As the global antimicrobial resistance (AMR) crisis continues and exacerbates, the scientific community are engaged in not only trying to discover novel antimicrobials to treat antimicrobial‐resistant infections (Choi, Hwang, & Lee, 2014; Liu, Yang, et al., 2018) but also understand the drivers of resistance and potential reservoirs of resistant pathogens (Kotsanas et al., 2013; Li et al., 2018; Lowe et al., 2012).

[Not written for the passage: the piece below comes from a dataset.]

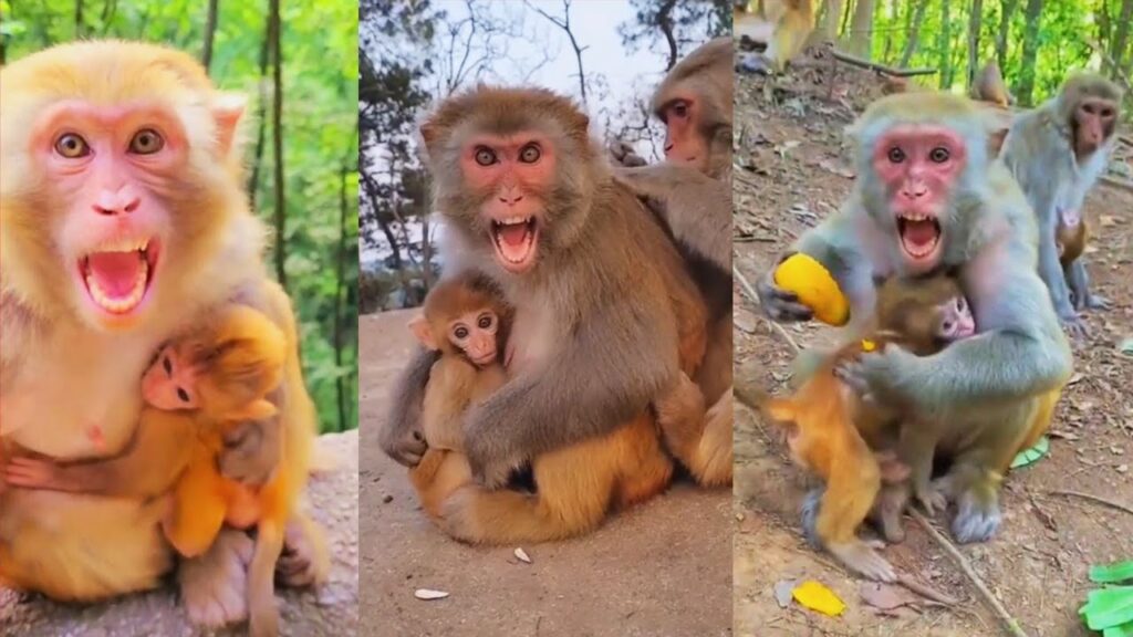 Whenever another monkey came near, the mother’s body tensed. Her eyes became sharp, watching every movement. She shifted her baby to her belly and turned her back toward the crowd, sending a clear warning without a sound. This baby was hers, and no one was allowed to touch, pull, or even come too close. A young female reached out once, curious and gentle, but the mother bared her teeth and let out a low growl. The message was understood immediately. The forest respected a mother’s warning.

Enterobacteriaceae are of increasing concern, so much so that some have been deemed “critical” on the WHO global priority list of antimicrobial‐resistant pathogens. The pathogen Klebsiella grimontii is of particular importance as, although it can be part of the normal microflora of the gastrointestinal tract, it has been found to be an etiological agent of antimicrobial‐associated hemorrhagic colitis (Passet & Brisse, 2018). Until recently, K. grimontii was thought to be a phylogroup of Klebsiella oxytoca; however, it was found to be a distinct pathogenic species of Klebsiella and renamed K. grimontii and characterized in part by the presence of the chromosomally located β‐lactamase gene, blaOXY‐6 (Liu, Feng, et al., 2018; Passet & Brisse, 2018).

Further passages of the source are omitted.